## [Input material]

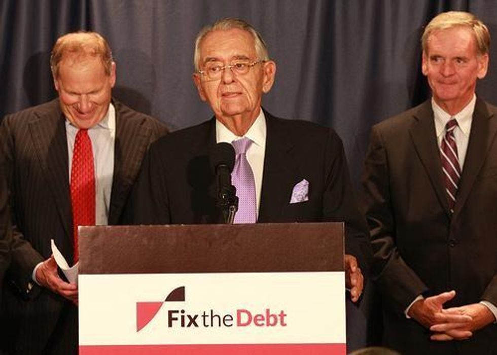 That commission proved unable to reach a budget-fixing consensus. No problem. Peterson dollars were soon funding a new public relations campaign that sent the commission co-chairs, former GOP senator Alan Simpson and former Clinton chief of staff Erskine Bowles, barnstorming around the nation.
...
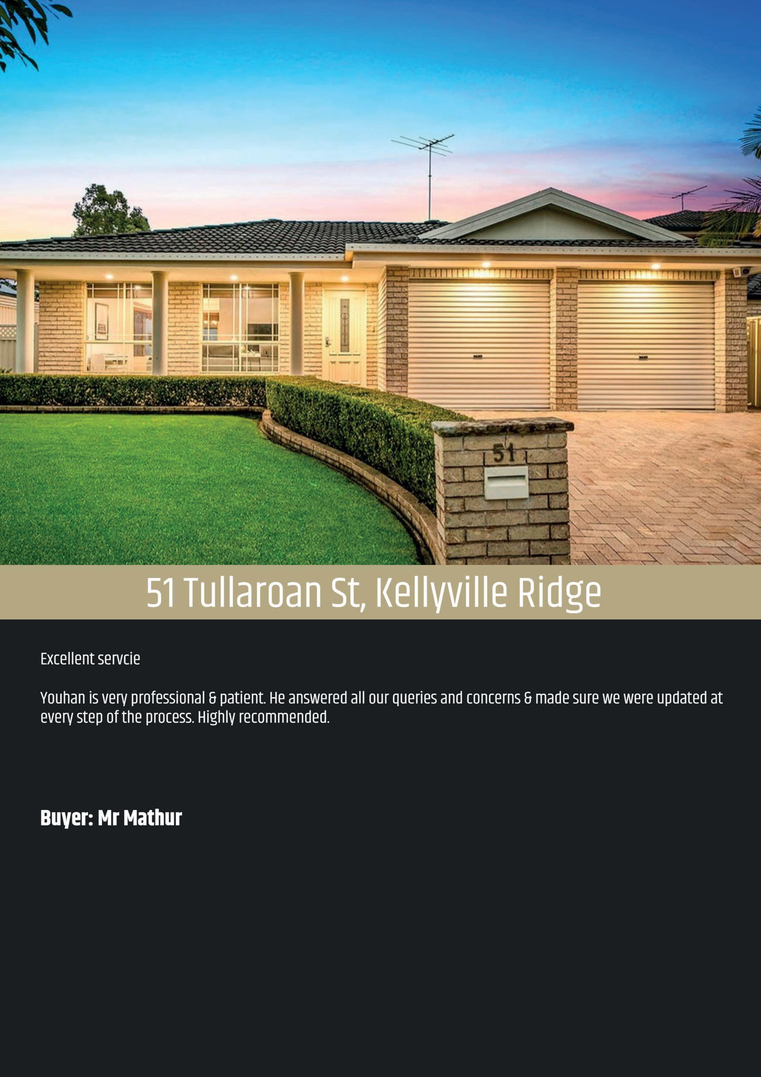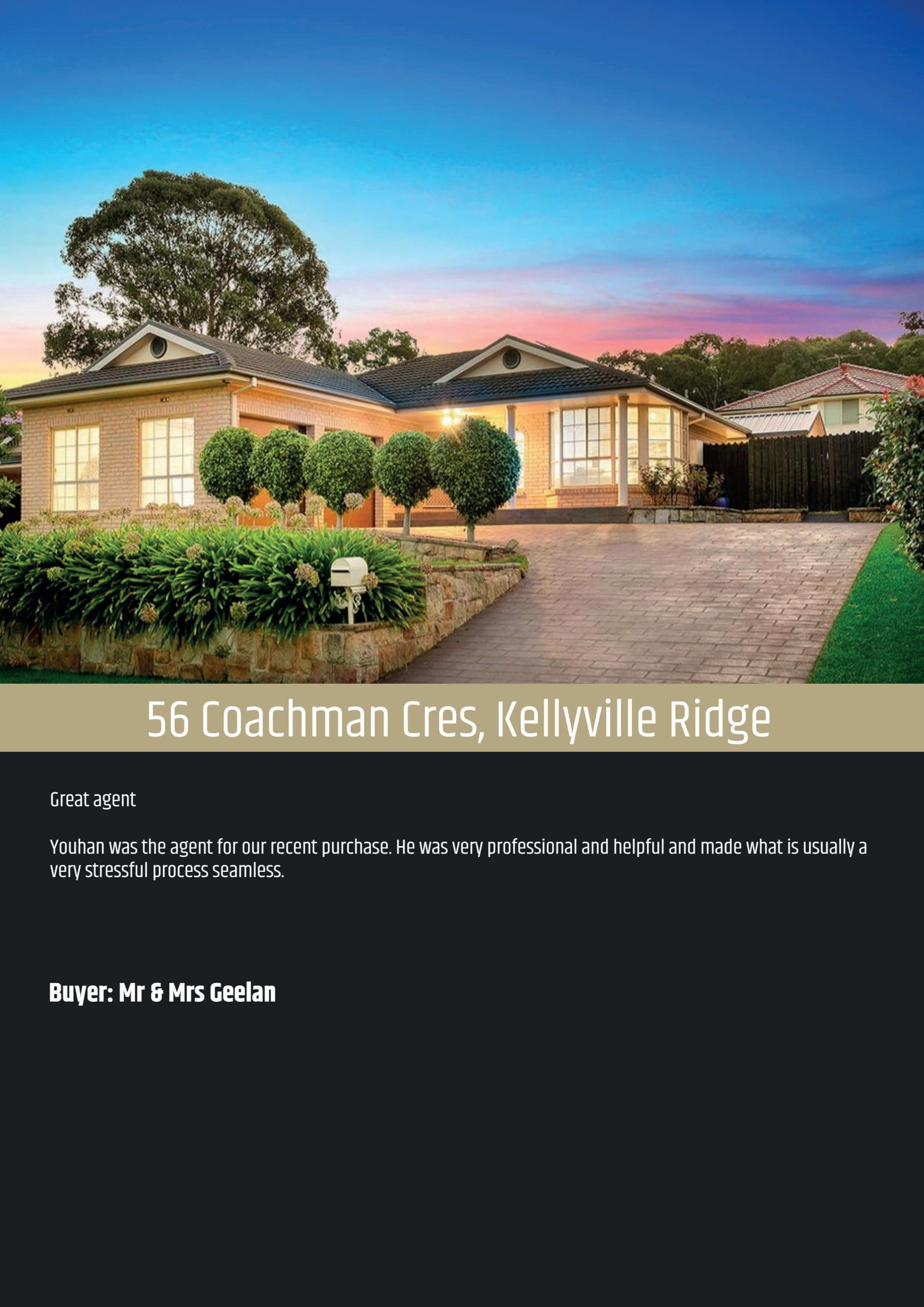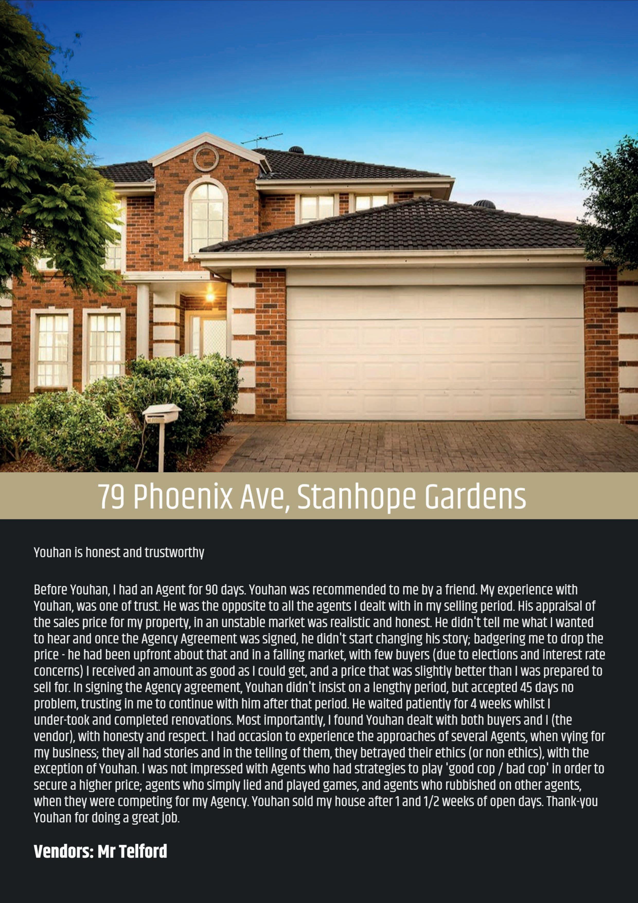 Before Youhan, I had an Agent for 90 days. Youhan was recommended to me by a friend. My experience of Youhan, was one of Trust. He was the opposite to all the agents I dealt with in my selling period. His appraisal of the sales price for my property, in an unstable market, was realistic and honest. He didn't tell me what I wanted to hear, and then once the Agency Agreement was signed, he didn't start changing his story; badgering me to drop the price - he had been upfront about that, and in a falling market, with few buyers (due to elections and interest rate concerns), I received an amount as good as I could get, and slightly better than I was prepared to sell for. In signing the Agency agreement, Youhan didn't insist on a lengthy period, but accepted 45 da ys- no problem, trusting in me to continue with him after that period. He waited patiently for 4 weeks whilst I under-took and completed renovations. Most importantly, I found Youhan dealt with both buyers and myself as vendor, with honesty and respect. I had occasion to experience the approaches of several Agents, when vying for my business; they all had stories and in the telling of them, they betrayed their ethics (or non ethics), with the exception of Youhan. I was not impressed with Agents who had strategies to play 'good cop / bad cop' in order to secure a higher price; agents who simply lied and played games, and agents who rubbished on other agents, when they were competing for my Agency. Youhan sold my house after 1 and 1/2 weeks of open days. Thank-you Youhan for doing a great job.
==
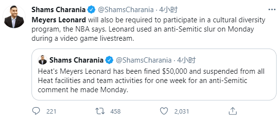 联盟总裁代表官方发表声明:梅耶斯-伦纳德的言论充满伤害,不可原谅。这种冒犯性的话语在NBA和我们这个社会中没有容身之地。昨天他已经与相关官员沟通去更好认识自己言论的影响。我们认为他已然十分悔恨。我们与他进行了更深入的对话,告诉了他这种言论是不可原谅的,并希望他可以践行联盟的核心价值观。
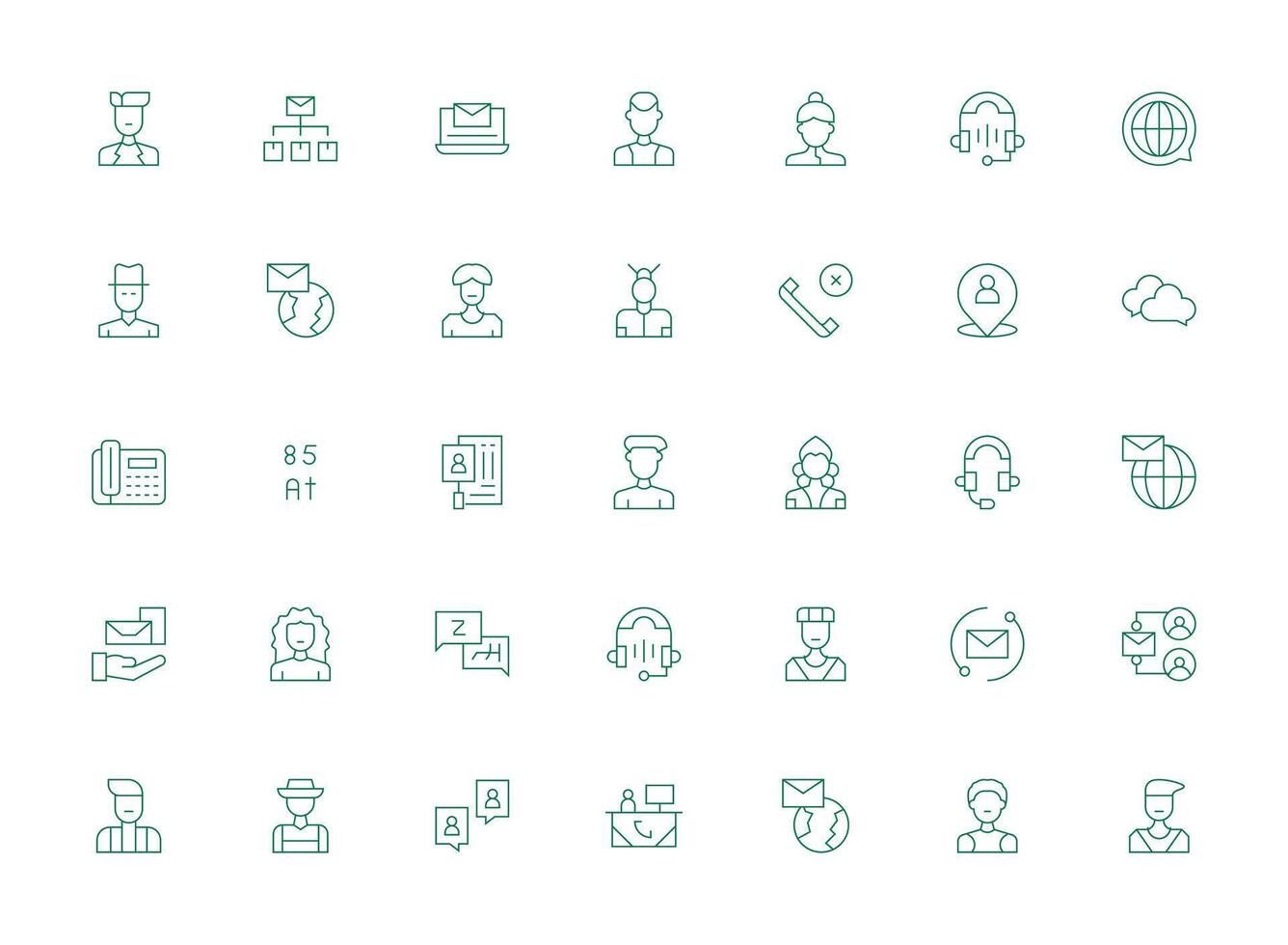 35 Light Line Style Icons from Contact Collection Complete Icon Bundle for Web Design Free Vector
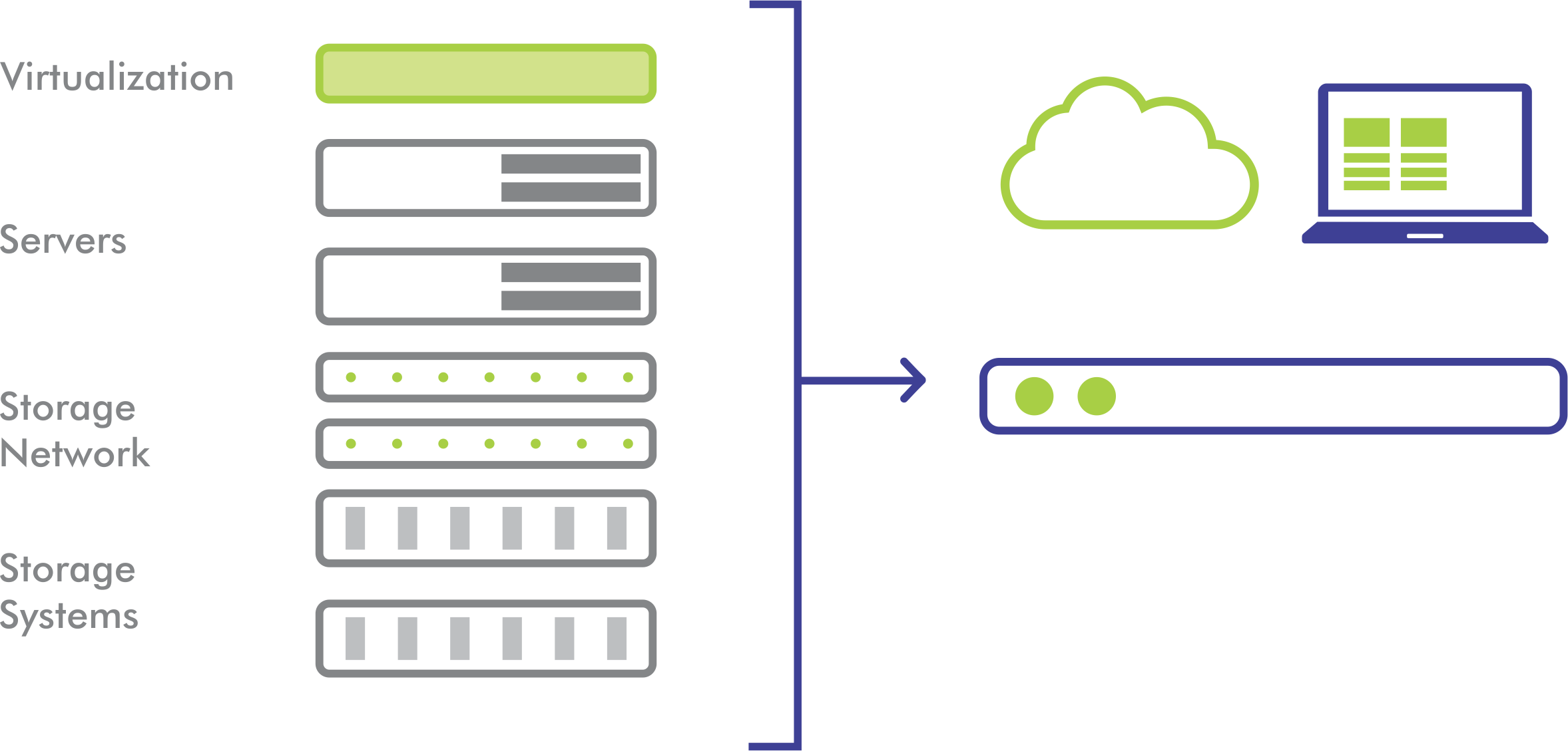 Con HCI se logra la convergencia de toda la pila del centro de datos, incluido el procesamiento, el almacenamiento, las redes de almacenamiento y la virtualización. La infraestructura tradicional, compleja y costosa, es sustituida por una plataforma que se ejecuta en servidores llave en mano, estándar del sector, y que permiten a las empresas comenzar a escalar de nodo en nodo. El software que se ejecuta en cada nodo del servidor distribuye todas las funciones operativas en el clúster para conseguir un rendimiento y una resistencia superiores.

## [What is being asked]
In the entries above, find the line with "联盟总裁代表官方发表声明:梅" and the line with "35 Light Line". Write out exactly those two lines and every line between them, pictures excluded.

## [Task solution]
 联盟总裁代表官方发表声明:梅耶斯-伦纳德的言论充满伤害,不可原谅。这种冒犯性的话语在NBA和我们这个社会中没有容身之地。昨天他已经与相关官员沟通去更好认识自己言论的影响。我们认为他已然十分悔恨。我们与他进行了更深入的对话,告诉了他这种言论是不可原谅的,并希望他可以践行联盟的核心价值观。
 35 Light Line Style Icons from Contact Collection Complete Icon Bundle for Web Design Free Vector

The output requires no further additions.